Before Romero, zombies existed in folklore and myth of voodoo superstitions in Haiti. Were this question posed to someone steeped in the voodoo faith, you would learn that a zombie is someone’s whose soul has been captured by a bokor (roughly described as a voodoo sorcerer). The body, which had died, rises again to do the bidding of the bokor. Rumors and myths of people turned into zombies are found throughout Haiti. Supposedly, the reanimated dead are forced to do manual labor in Haiti’s sugar plantations.

This concept of zombie slaves first crept into the American popular culture with the book “The Magic Island” by William Seabrook in 1929 (in which the term “zombie” is believed to be first introduced into the English language). Three years later, United Artists released Victor Halperin’s White Zombie, starring Bela Lugosi as Murder Legendrean, an evil businessman in Haiti who uses zombie slave labor. In order to make zombies, Legendrean doses them with a drug, which feigns death. Then he steals the body, revives them, and put them to work.

Of course, in typically racist 1932-era Hollywood, things only escalate when Legendrean zombifies a white woman. There are hints of supernatural communicative powers between Legendrean and his zombified minions (and apparently extremely loud vultures), but for the most part, the presentation of the condition in White Zombie fits well with the apocryphal tales of zombie-making in Haiti.

Still, it’s only a movie, right?

Again, it depends on who you ask. Many scientists and anthropologists say that zombies – even the slave labor victims in Haiti – are nothing more than tall tales brought to life with cultural superstitions. However, there are real examples of possible zombies on the books. In fact, the British medical academic journal Lancet profiled the cases of three potential zombies who had allegedly died, rose from the dead, and suffered as slaves for years. Thanks to DNA testing, researchers discovered that two of the victims were cases of mistaken identity. All three had some form of mental illness, which might be a reason for some of these stories that sound (no offense intended) insane.

However, in the 1980s, Harvard anthropologist Wade Davis made a name for himself by going to Haiti to research the process of zombification, and his story was fictionalized in Wes Craven’s film The Serpent and the Rainbow. Specifically, Davis investigated the case of Clairvius Narcisse, who “died” in 1962 but was found wandering the countryside 18 years later after being enslaved on a sugar plantation. Davis brought back with him the mysterious “zombie powder,” which was introduced into the victims’ circulatory system by means of a scratch. The powder had bizarre and diverse ingredients like the powerful poison tetrodotoxin from the puffer fish, the hallucinogenic drug datura, lizards and toads, and powdered remains of a human’s skull.

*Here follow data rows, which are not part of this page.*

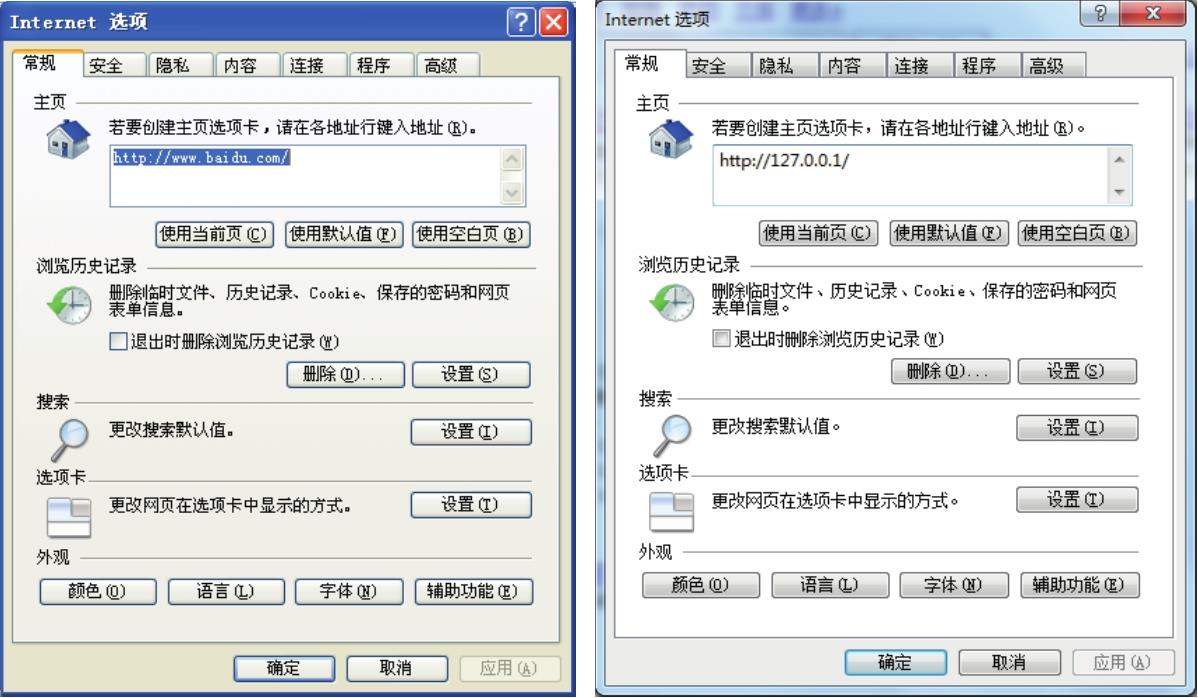图3.12 IE浏览器中的“Internet选项”界面(左为Windows XP系统,右为Windows 7系统)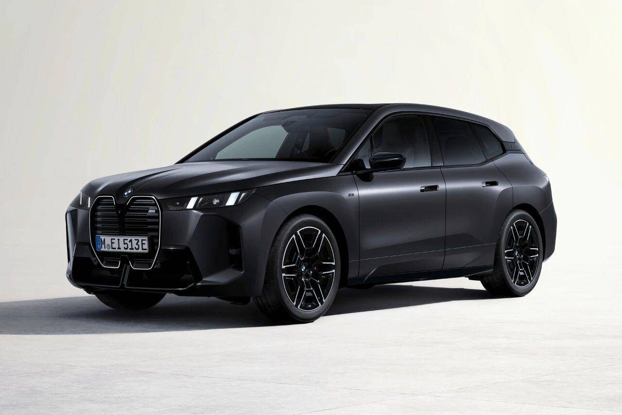 更有意思的是宝马的小心思,首次给宝马iX加了M运动套装,前脸分流器抄了新M5的设计,尾部做了黑化扩散器,连23英寸轮毂都是专门为电动车型优化的空气动力学样式。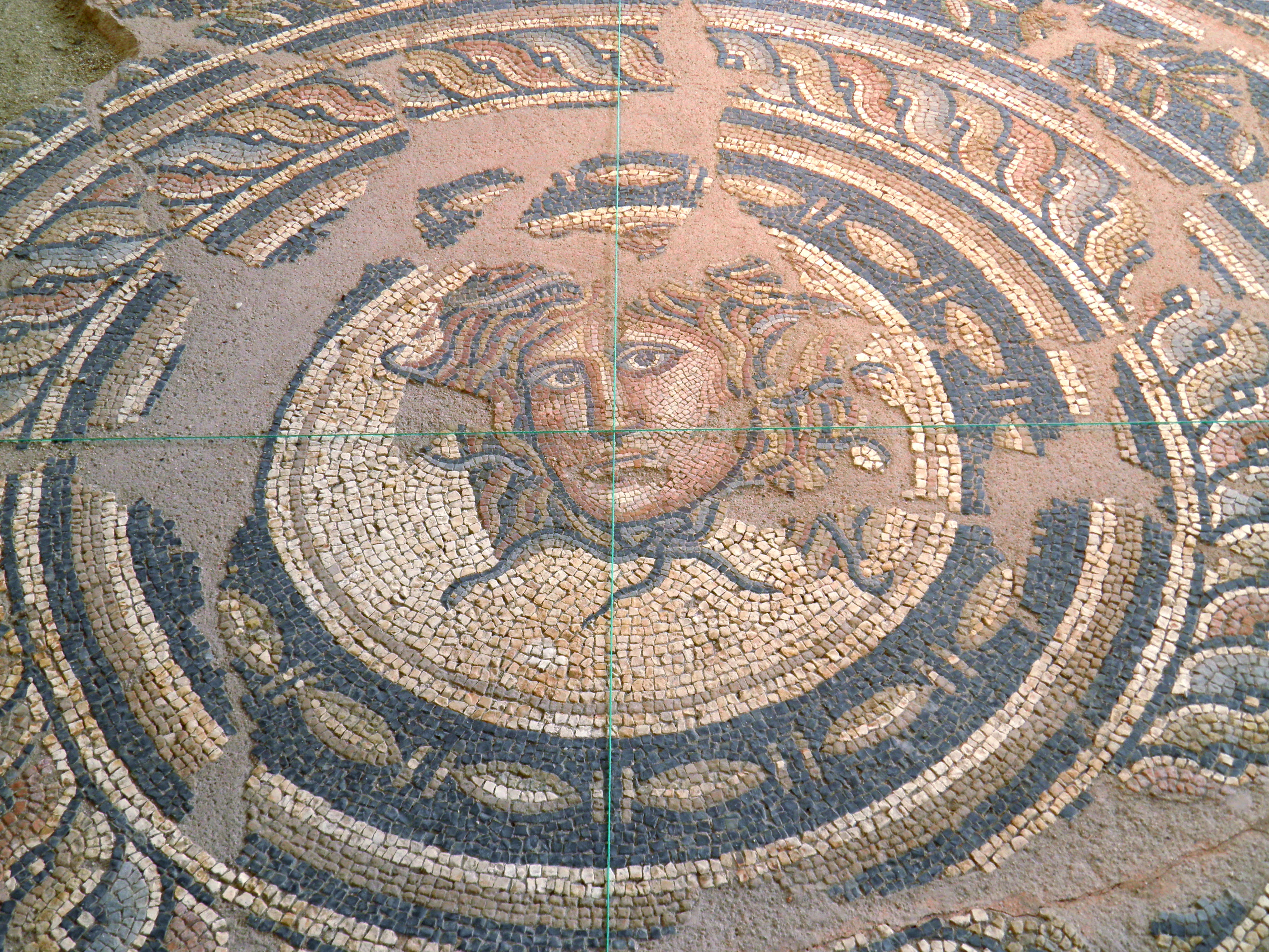 Mosaic floor from the Villa of Dionysus in Dion (Greece) depicting Medusa's head in a circular frame. 2nd century CE. Archaeological Museum, Dion.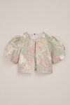 Für den Sonnenschein in deinem Leben! Dieses Oberteil hat kurze Ballonärmel, eine offene Vorderseite mit Knopf und ein florales Muster mit dezentem Glitzergarn. Fröhlich, verspielt und mit genau dem richtigen Maß an Glanz für jeden Tag.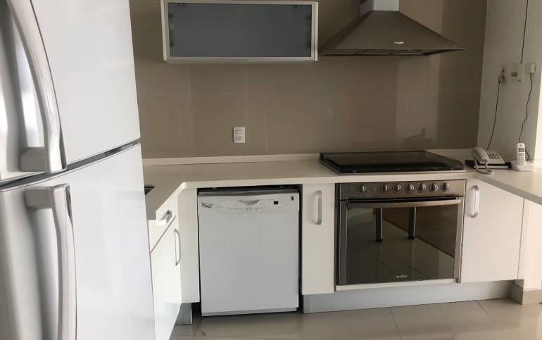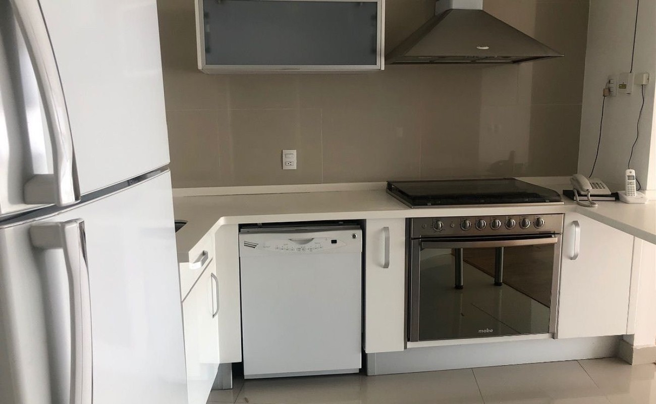 La renta del departamento incluye el refrigerador, lavavajillas y mantenimiento en el precio.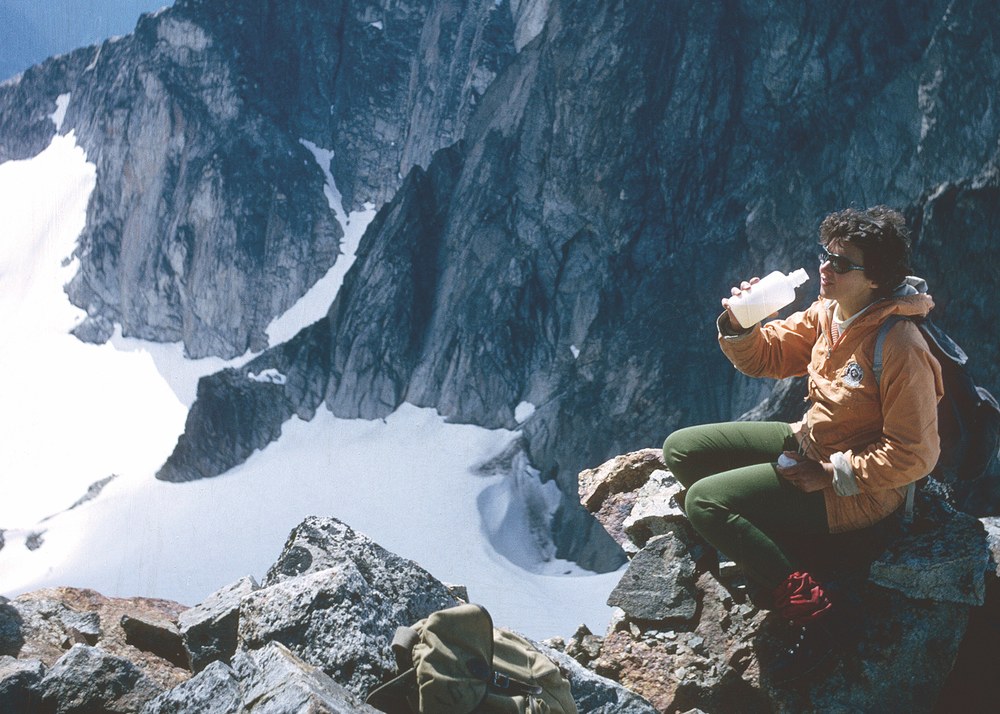 Marge Mueller was an avid outdoorsperson who became interested in our region’s mountains soon after moving to Washington in the 1950s. In the early 1960s, Marge joined Seattle Mountain Rescue, and there she met Ted Mueller. Soon after, their mutual friend Ira Spring invited them to be photography models on a climbing trip to Mount Baker. Matching male climbers stride for stride, she often dangled from belay while wearing attire fit for publication. Marge completed countless climbs and hikes with an unmistakable style, wit, and flair captured by Ira in many of his classic images.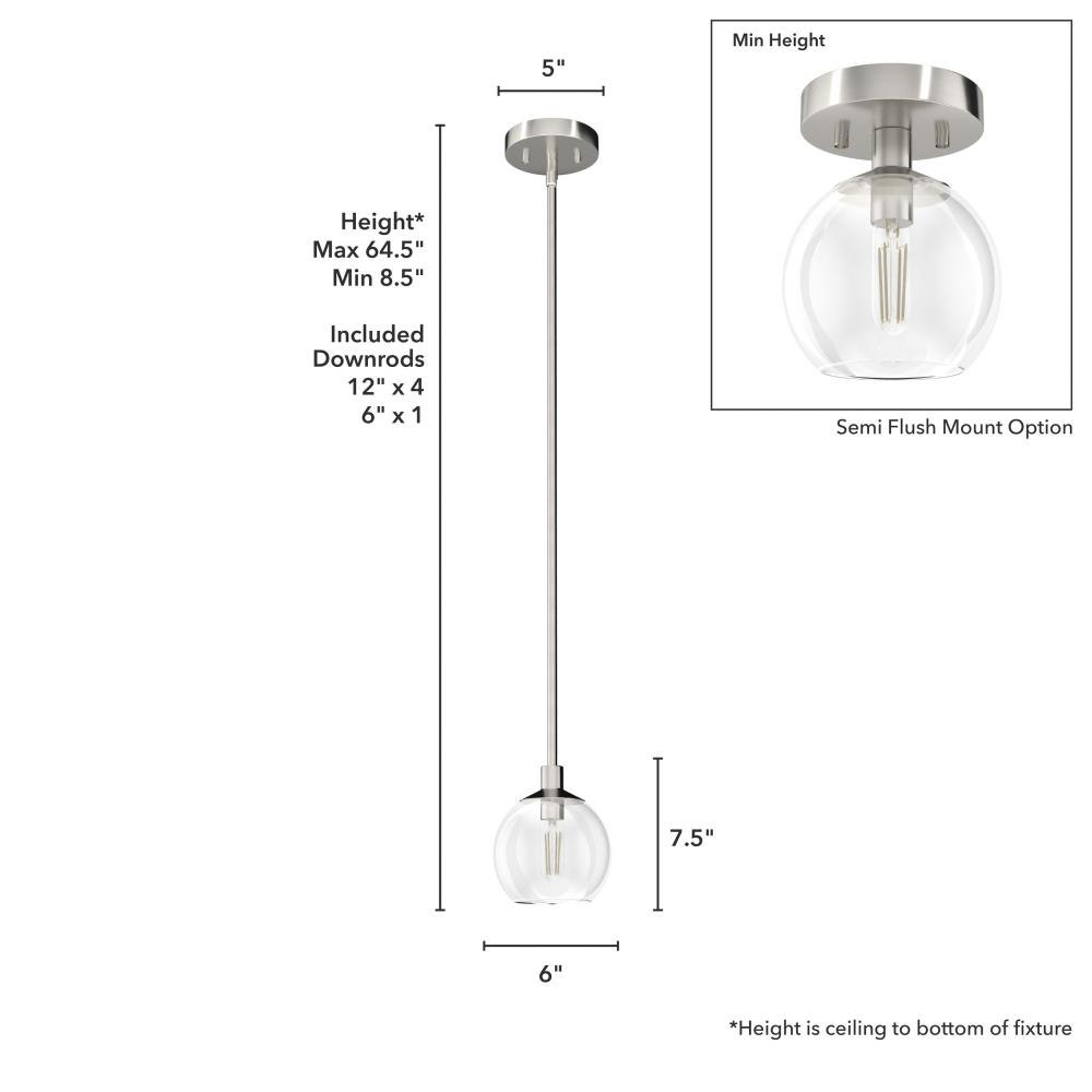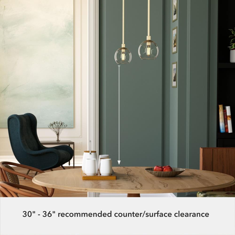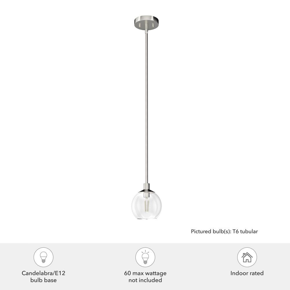 The Xidane mini pendant is a modern and versatile fixture. The edgy elegance of the Xidane mini pendant is perfect in a plethora of spaces. The brilliant design of the single orb floating above illuminating your space is striking. Use multiples over a table or a kitchen island to elevate your decor. The light of the Xidane collection brings glamour to every space. Rated for indoor use only Requires 1 E12 bulbs. Bulbs not included. MADE FOR INDOORS: For use in indoor spaces like kitchens, bedrooms, living rooms, dining rooms, and entryways. BULB RECOMMENDATION: Maximum 60 W per light bulb or equivalent LED bulb. Bulbs not included. PICTURED HERE: Match our image using T6 Tubular light bulbs. CUSTOMIZABLE HANGING OPTIONS: With the minimum required downrod, the hanging length is 8.5 inches. When using all of the included downrod, the maximum hanging length is 64.5 inches.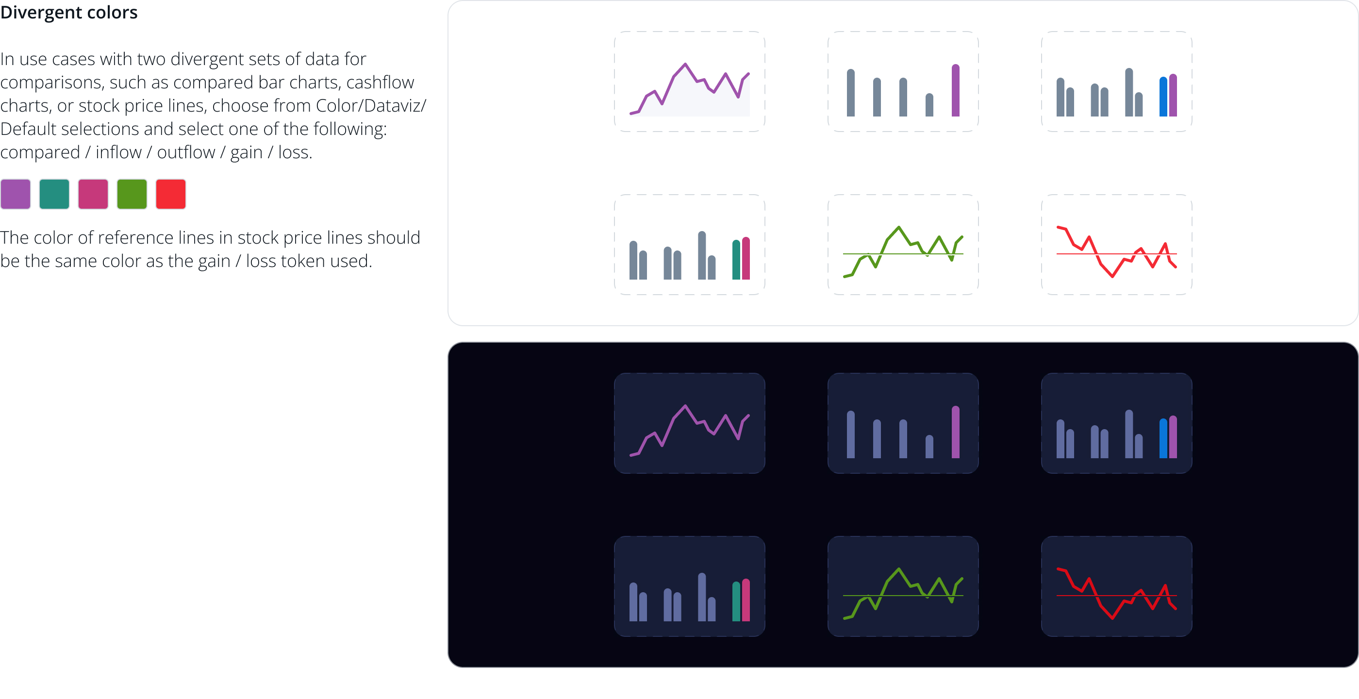 Color usage in skim charts is established from on MDS semantic color tokens - Colors/Dataviz - to reflect the most crucial number from the full chart experience.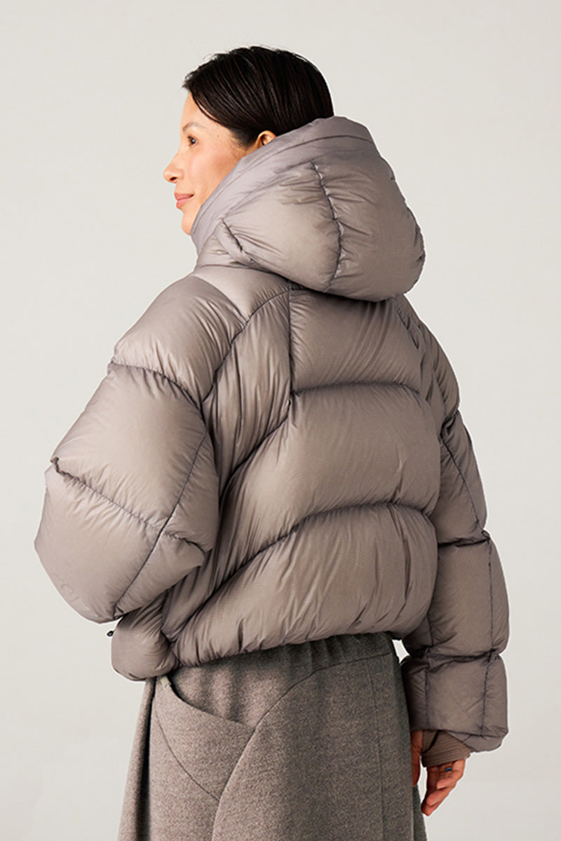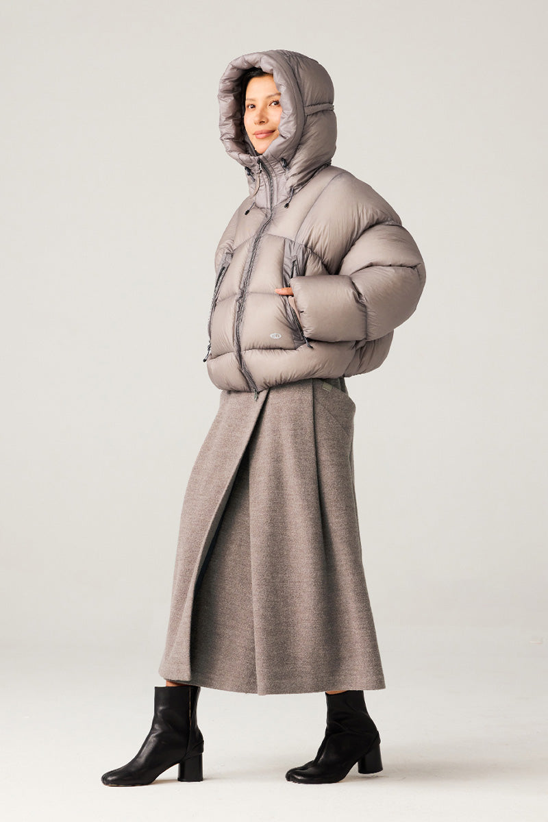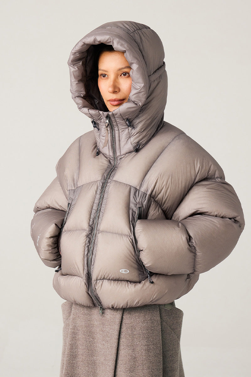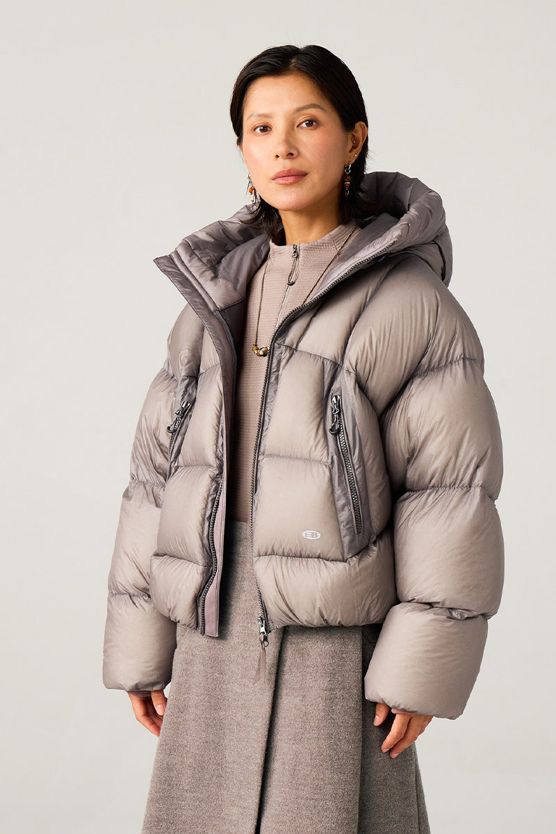 完成品には軽量な「無胆式」直充填ダウン工艺を採用。輸入COATS縫い糸と極細縫い針を組み合わせ、ダウンの抜け毛率を大幅に低減。クラシックなショート&ワイドのシルエットにフードデザインを融合し、高グラム重のグースダウン填充により、保温性とふっくらとしたボリューム感を両立。快適性とスタイリッシュなデザインを兼ね備えています。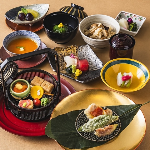 | テーブル | 4名様×1 | 【オープン席/4名様等】デートから少人数のお食事会までお気軽に。和情緒溢れるしっとりとした雰囲気の中、ゆったりとお食事をお楽しみいただけるオープン席。ご人数にあわせてお席はご用意いたします。ご家族水入らずでのお食事や、気心知れたご友人との楽しい会食に、ぜひお気軽にご利用ください。 |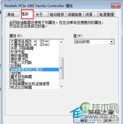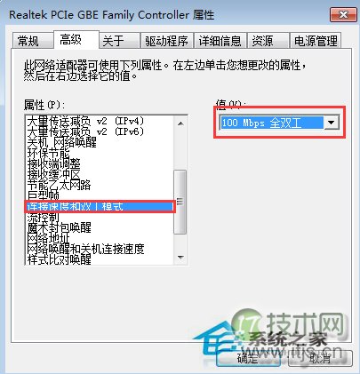 4、在“属性”列表中选项“连接速度和双工模式”后,在值处选择“10Mbps全双工”,确定保存;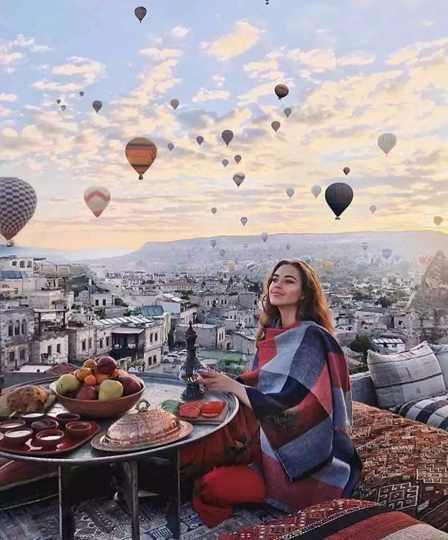 4、风儿太大脑壳冻?试着把围巾的一边搭在头上,创造出围巾一体帽,是不是还有种异国风情feel !

The zombie powder Davis discovered was thought to work by immobilizing the victim with the tetrodotoxin in a way that simulates death. The datura drug, which induced amnesia and suggestibility, was meant to keep the zombie in a pacified state. When the body was buried, often lack of oxygen caused brain damage, which mentally impaired the victim but left their body strong enough for physical labor.

It’s important to point out that much of Davis’s work was criticized for being non-repeatable, for lacking certain ethics (e.g., being personally involved in desecrating graves to obtain the human remains), and for failing to explain why enslaving people with a complex zombie cocktail when cheap labor is easily obtained throughout the fiercely poor country of Haiti. Still, there is at least a certain degree of scientific validity to his discovery.

So wait a minute… zombies are real freaking things?

There is some evidence for them, yes, but unlike the flesh-eating ghouls of popular films, zombies are victims of kidnapping and slavery rather than dangerous monsters. Even then, it depends on how much of the rumors and speculations coming out of Haiti you believe.

Don’t bother stocking up on ammunition and building a fortress around your house just yet. The zombie apocalypse is unlike to be happening anytime soon… or ever.

Unless you live in Haiti. But who wants to live in Haiti?